#### WHAT THE TASK ASKS
Using the material below, repeat exactly the lines from the one with "Sort 2020 Land" through the one with "Klicken Sie mit", ends included, without any images.

#### DATA PROVIDED
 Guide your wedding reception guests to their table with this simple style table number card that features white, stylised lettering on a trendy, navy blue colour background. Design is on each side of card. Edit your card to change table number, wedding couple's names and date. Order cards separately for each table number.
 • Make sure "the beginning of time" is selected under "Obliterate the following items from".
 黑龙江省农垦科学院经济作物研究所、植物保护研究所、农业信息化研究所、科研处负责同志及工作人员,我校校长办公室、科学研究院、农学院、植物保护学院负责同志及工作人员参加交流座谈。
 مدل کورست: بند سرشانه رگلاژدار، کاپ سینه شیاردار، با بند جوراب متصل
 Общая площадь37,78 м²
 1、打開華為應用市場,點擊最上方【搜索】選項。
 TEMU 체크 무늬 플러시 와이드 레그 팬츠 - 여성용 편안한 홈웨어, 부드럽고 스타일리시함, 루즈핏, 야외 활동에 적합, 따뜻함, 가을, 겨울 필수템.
--
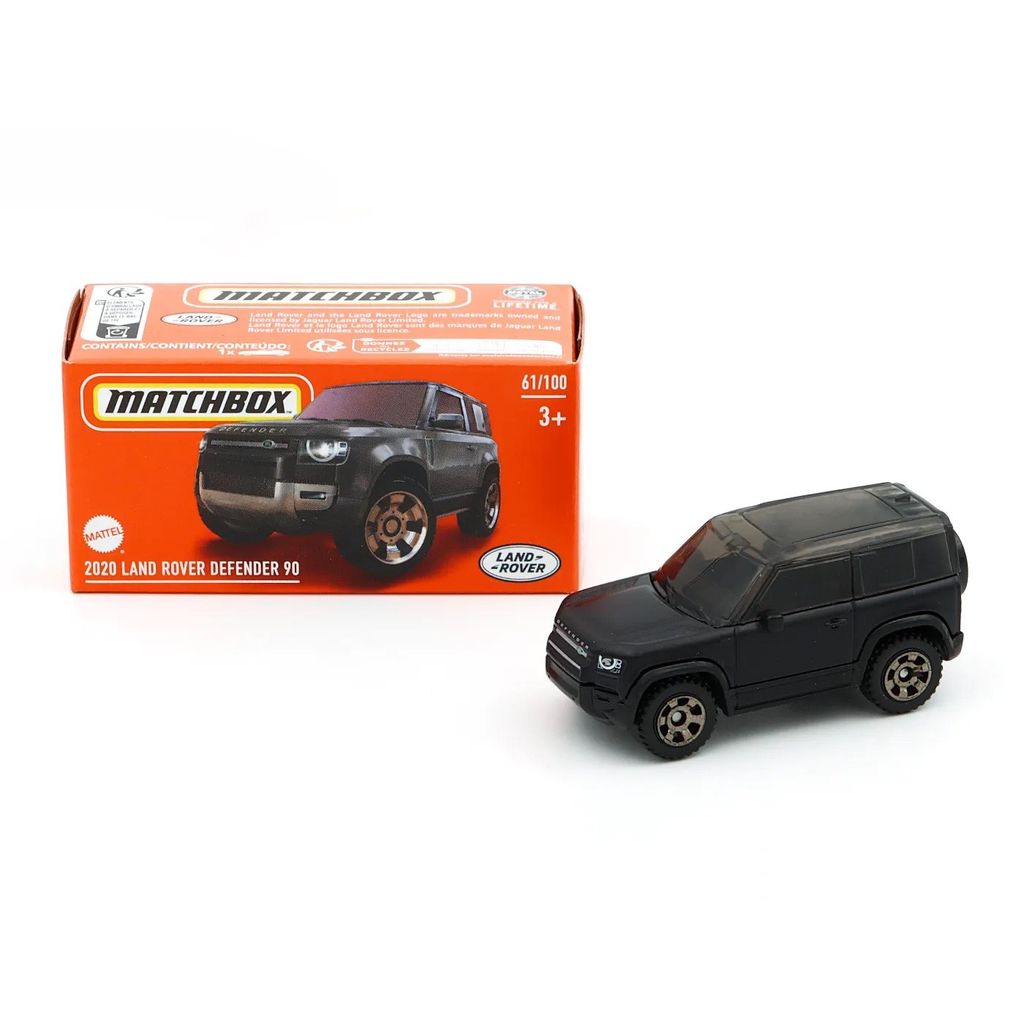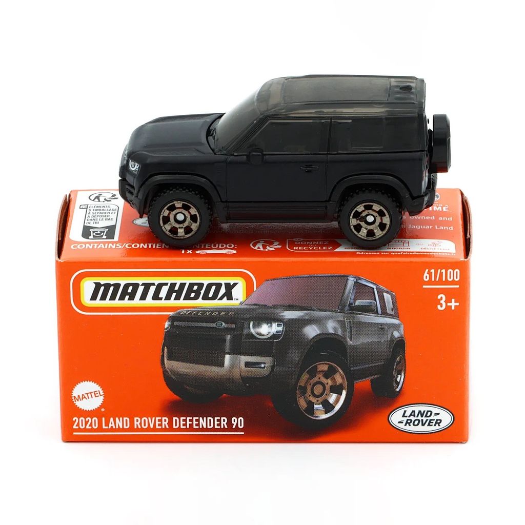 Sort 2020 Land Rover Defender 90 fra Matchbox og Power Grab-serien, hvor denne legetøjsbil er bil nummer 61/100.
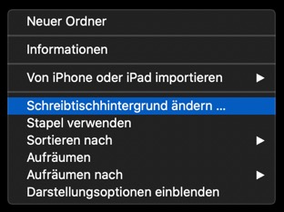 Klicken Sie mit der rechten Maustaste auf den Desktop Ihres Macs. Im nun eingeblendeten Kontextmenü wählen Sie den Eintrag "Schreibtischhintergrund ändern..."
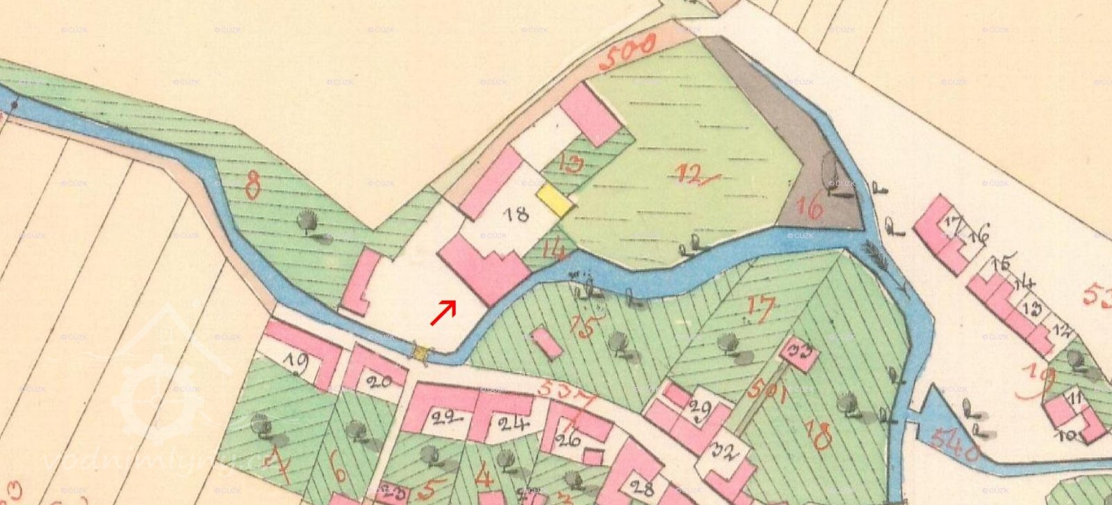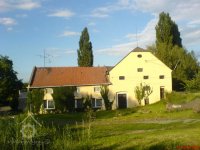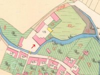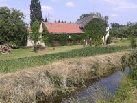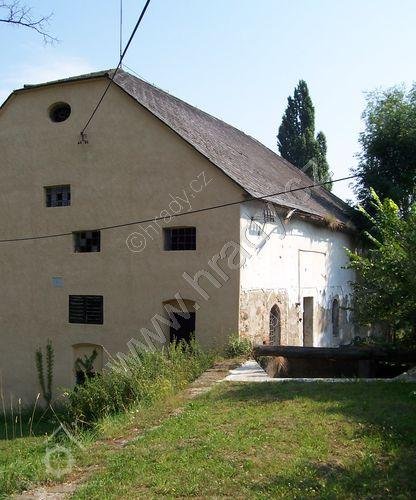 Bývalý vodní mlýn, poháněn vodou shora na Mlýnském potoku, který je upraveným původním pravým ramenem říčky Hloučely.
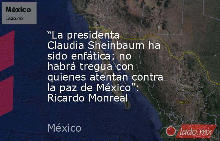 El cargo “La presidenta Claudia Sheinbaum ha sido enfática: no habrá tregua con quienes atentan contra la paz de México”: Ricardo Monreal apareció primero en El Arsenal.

#### RESPONSE BOX
 Sort 2020 Land Rover Defender 90 fra Matchbox og Power Grab-serien, hvor denne legetøjsbil er bil nummer 61/100.
 Klicken Sie mit der rechten Maustaste auf den Desktop Ihres Macs. Im nun eingeblendeten Kontextmenü wählen Sie den Eintrag "Schreibtischhintergrund ändern..."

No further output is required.